In one of the several Qur’anic passages dealing with this subject (XX, 2032), Moses asks of God:
“And give me a minister from my family, Aaron, my brother; add to my strength through him, and make him share my task.”
Muhammad’s comparison of himself with Moses would thus have been incomplete without an Aaron, and obviously no other person in his family but ‘Ali could serve him as Aaron.
5) Yet another very important event was the communication of the chapter of al-Bara’a (Qur’an, IX). In the ninth year of the Hijra, the Prophet sent Abu Bakr to lead the people in the Hajj. After Abu Bakr’s departure to Mecca the chapter of Bara’a was revealed to the Prophet to communicate to the people, especially to the polytheists.
When people asked the Prophet whether he would dispatch the chapter to Abu Bakr to deliver it on his behalf, he replied, “No, I will not send it except through someone from amongst the people of my family (rajul-un min ahli bayti).” The Prophet then called ‘Ali and ordered him to take his own camel and go to Mecca at once and deliver the Qur’anic message to the people on his behalf.54
There are no serious grounds to doubt the authenticity of these events, which have been recorded by writers of all schools of thought and which also seem plausible in their context. Even if one is inclined to extreme caution and scepticism, it cannot be denied that these events in favour of ‘Ali were in such wide circulation that the majority of historians and traditionists from the earliest times had to record them.
In this series of events, the famous but controversial tradition of Ghadir Khum, upon which the Shi’a place the utmost importance, has been intentionally ignored. This event is named after a place called Ghadir Khum, a pool or a marsh with some shady trees, situated only a few miles from Mecca on the road to Medina, from where people disperse to their different destinations.
When Muhammad was returning from his Farewell Pilgrimage he stopped at Ghadir Khum on 18 Dhu’l-Hijja (10 March 632) to make an announcement to the pilgrims who accompanied him from Mecca and who were to disperse from this junction. By the orders of the Prophet, a special dais or pulpit made of branches of the trees was erected for him. After the noon prayer the Prophet sat on the pulpit and made his last public address to the largest gathering before his death three months later.
Taking ‘Ali by the hand, Muhammad asked his followers whether he was not superior in authority and person (awla) to the believers themselves. The crowd cried out in one voice: “It is so, O Apostle of God.” He then declared: “He of whom I am the mawla [the patron, master, leader, friend?], of him ‘Ali is also the mawla (man kuntu mawlahu fa ‘Ali-un mawlahu). O God, be the friend of him who is his friend, and be the enemy of him who is his enemy (Allahumma wali man walahu wa ‘adi man adahu).”

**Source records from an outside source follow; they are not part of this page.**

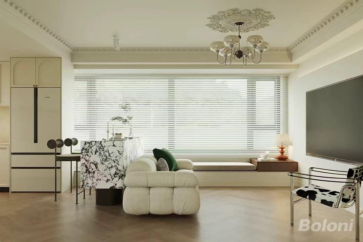 法式与现代的优雅融合:天花板的雕花石膏线、复古吊灯是法式元素的点睛之笔,搭配现代感的云朵沙发、艺术感中岛台,既有浪漫精致的格调,又不失松弛舒适的现代感。 色彩与质感的平衡:以米白为基调,搭配黑白纹理的艺术墙面、奶牛纹单椅和橄榄绿抱枕,色彩对比柔和且层次丰富,营造出高级又治愈的空间氛围。 细节营造仪式感:艺术照片墙、弧形门洞和精致的石膏线造型,让空间处处充满细节,提升了整体的精致度和氛围感。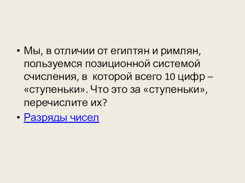 Мы, в отличии от египтян и римлян, пользуемся позиционной системой счисления,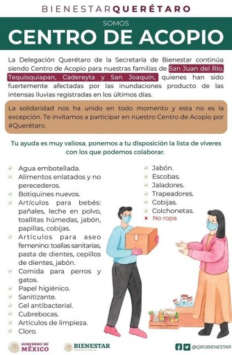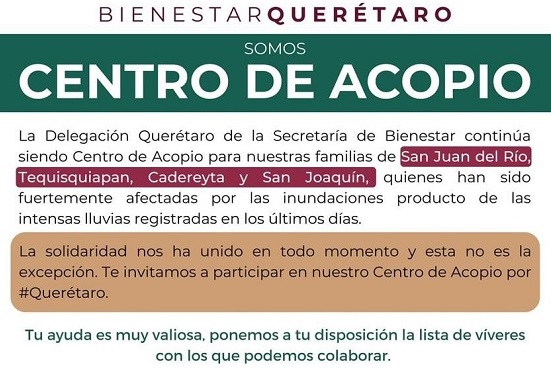 La Secretaría del bienestar habilitó un centro de acopio en sus oficinas de la calle estadio, en Querétaro, para apoyar a las familias afectadas por las lluvias en los diferentes municipios.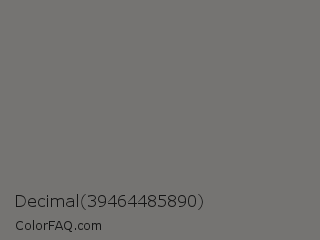 Decimal 39464485890 Color is a normal orange color and the nearest color is Nickel #727472. Hex code #757472 and RGB value is rgb(117,116,114). In RGB color space, this color is composed of 46% red, 45% green, 45% blue, In CMYK color space, this color is composed of 0% cyan, 1% magenta, 3% yellow , 54% black , In HSL color space, this color has a hue angle of 40° , 1% saturation and 45% lightness.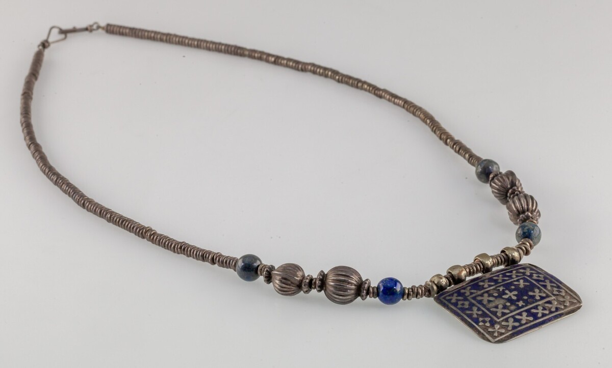 Antike Silberperlen Halskette Mit Lapis Akzenten Und Emaille Anhänger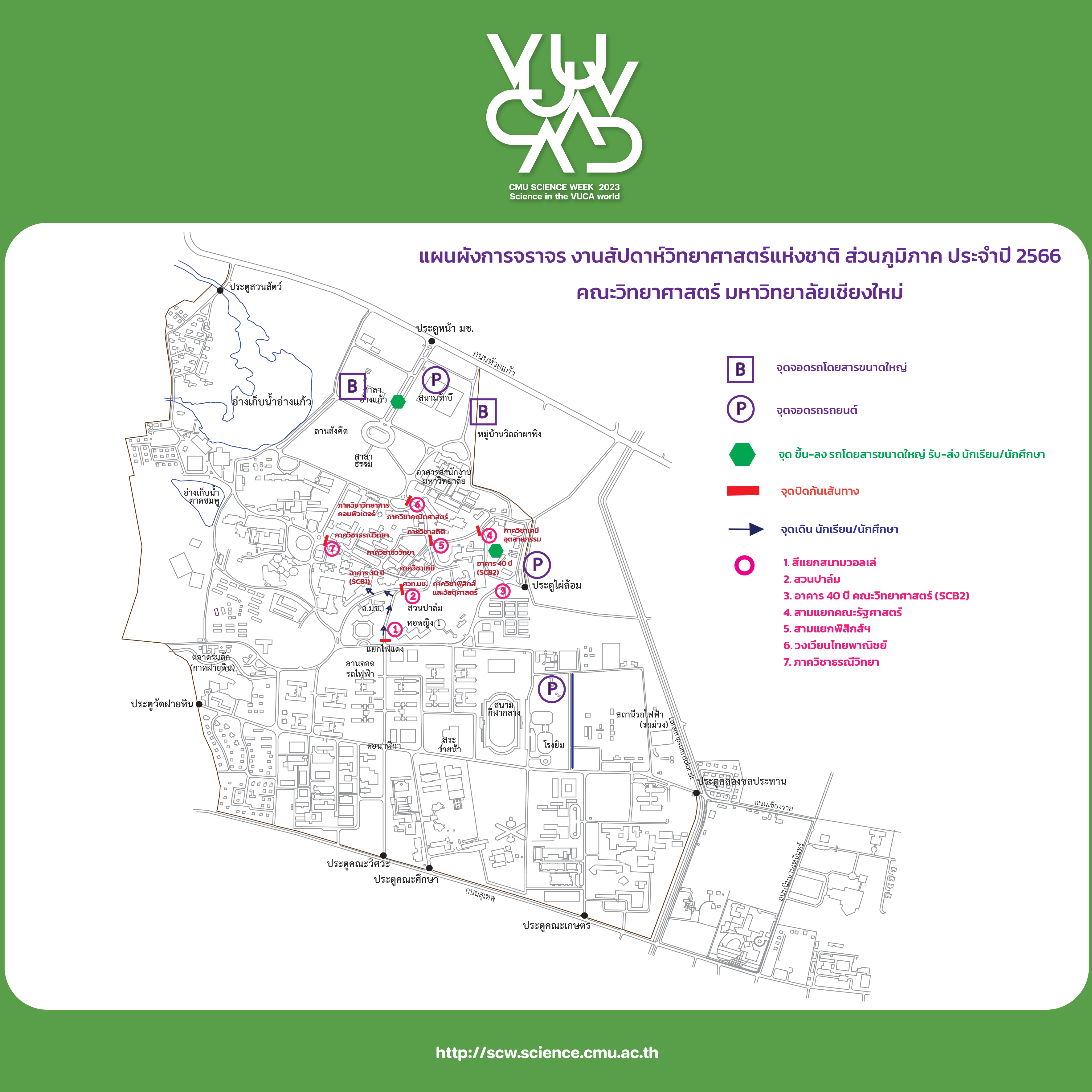 ตรวจสอบแผนผังการจราจร / การปิดถนน เนื่องในงานสัปดาห์วิทยาศาสตร์แห่งชาติ ส่วนภูมิภาค ประจำปี 2566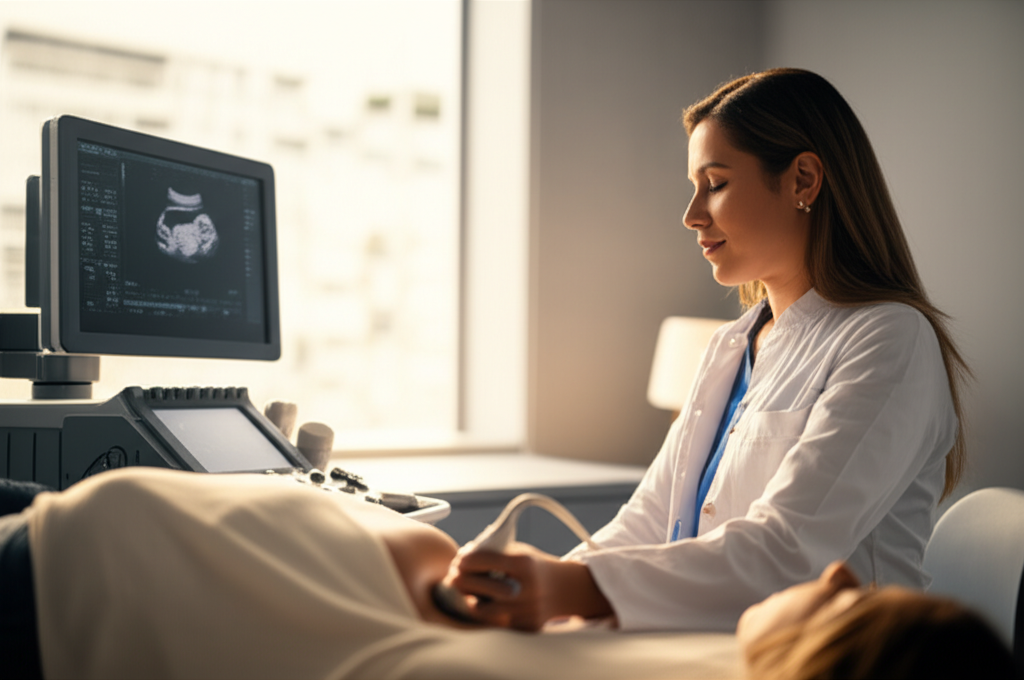 Esse exame é particularmente eficaz para visualizar órgãos sólidos e estruturas cheias de líquido. Nesse sentido, é excelente para diagnosticar condições como cálculos na vesícula biliar, cistos no fígado ou nos rins, pancreatite e apendicite. Ademais, a ultrassonografia com Doppler pode ser usada para avaliar o fluxo sanguíneo nos vasos abdominais, identificando possíveis obstruções ou anormalidades. Por ser um procedimento seguro e rápido, é a escolha ideal para uma avaliação inicial abrangente, guiando a necessidade de investigações mais complexas, se necessário.

As far as the authenticity of the event itself is concerned, it has hardly ever been denied or questioned even by the most conservative Sunni authorities, who have themselves recorded it. Most noteworthy among them are Imam Ahmad b. Hanbal in his Musnad, Tirmidhi, Nasa’i, Ibn Maja, Abu Da’ud and almost all other Sunan writers, Ibn al-Athir in his Usd al-Ghaba Ibn ‘Abd al-Barr in his Isti ‘ab, followed by all other writers of biographical works and even Ibn ‘Abd Rabbih in his ‘Iqd al-Farid, and Jahiz. in his ‘Uthmaniyya.55
The traditions of Ghadir are so abundantly reported and so commonly attested by hundreds of different transmitters belonging to all schools of thought that it would be futile to doubt their authenticity. Ibn Kathir,56 a most staunch supporter of the Sunni viewpoint, has devoted seven pages to this subject and has collected a great number of different isnads from which the tradition is narrated.
It is also Ibn Kathir who informs us that the famous historian at-Tabari, in a two-volume unfinished work entitled Kitab al-Fada’il (mentioned also by Yaqut in his Irshad, VI, p.452), wrote in full details the Prophet’s discourse in favour of ‘Ali at Ghadir Khum. A modern scholar, Husayn ‘Ali Mahfuz, in his penetrating researches on the subject of Ghadir Khum, has recorded with documentation that this tradition has been narrated by at least 110 Companions, 84 tabi’un, 355 ‘ulama’, 25 historians, 27 traditionists, II exegesists, I8 theologians, and 5 philologists.57 Most of them were later counted by the Sunnis as among their own number.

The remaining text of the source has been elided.